Describe chicken noodle soup as a system. What are the elements? What is the function? What makes it a system?

Chicken noodle soup could be thought of a system comprised of water, soluble chicken elements, chicken meat, noodles, and spices. My functions for chicken soup are warmth, nourishment, and feelings of comfort, but the function of chicken soup for a chicken may be quite different, and the function for, say, Lipton, different still. It can be thought of as a system because it has multiple components which, when combined, produce a function greater than the sum of its parts. I would not derive the same satisfaction as from eating  a bowl of chicken soup by eating a chicken, drinking a glass of water, swallowing a bunch of garlic and black pepper, and then sitting on the stove for an hour.

Exercise 1.3

List five elements for each of the following systems:

I.        steam engine
1.       Fuel
2.       Combustion chamber
3.       Boiler
4.       Water pump
5.       Water

II.      oak tree
1.       Roots
2.       Xylem
3.       Phloem
4.       Leaves
5.       Acorns

III.    Thanksgiving turkey
1.       Skin
2.       Flesh
3.       Bones
4.       Gravy
5.       Stuffing

IV.    city
1.       Roads
2.       Buildings
3.       Public officials
4.       Merchants
5.       Sewers

What is the system that has the following elements: water, gravel, 3 fish, fish feed, aquatic plants?
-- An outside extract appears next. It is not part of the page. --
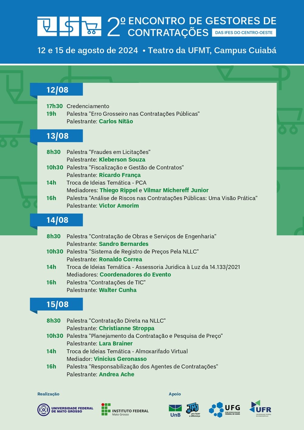 A organização do 2º Encontro ficou a cargo da Coordenadoção de Gestão de Contratações da UFMT e Diretoria de Administração do IFMT, com o apoio das Diretorias de Compras da UFG e UnB e também da Diretoria de Compras, Licitação e Contratos da Universidade Federal de Rondonópolis (UFR).

One such system is an aquarium.

What if we add a scuba diver to this list? Can elements entirely describe a system?

Then it’s either an ecologically poor lake or sea or a very large aquarium with a scuba diver that needs a new hobby.

Elements cannot describe a system completely for at least two reasons; one is that we have defined a system as having emergent properties that are greater than the sum of its components, and another is that we cannot ever fully describe the elements of a system; there is always another level of detail to which we could appeal (eg., human body, organs, tissues, cells, proteins, atoms, quarks, strings…).

Exercise 1.4

Look at a tree in a forest and describe the relevant hierarchy.

The immediate super-system of the tree is the forest ecosystem, composed of a population of that species of tree, a community of trees and other plants, a collection of animals, fungi, etc.. Moving further up the hierarchy, the forest ecosystem fits within the global ecosystem. In the other direction, the tree’s organs—leaves, xylem, roots, etc.—are subsystems of the tree. Each of those contain tissues and within those cells, proteins, atoms, etc..

Think of an example when a system is affected by a system 3 levels above in the hierarchy, but is not affected by the system 2 levels above in the hierarchy. Is this possible?

I am going to assume that the question intends the meaning “is not being affected by the system 2 levels above in the hierarchy at the moment” because, by definition, a system can be affected by any super-system. With that caveat, using Alexi’s example of a student as a system and the class as the immediate supersystem, the department could be a system 2 levels up, and the university a system 3 levels up. If the university instituted new degree requirements, that could affect the student directly, while the interaction between the student and the department remained the same.

If a system collapses (dies off) can subsystems survive?

Sure. When an animal dies, the proteins within them survive for a time. They will eventually decay, but the sub-er-system of atoms will ultimately survive.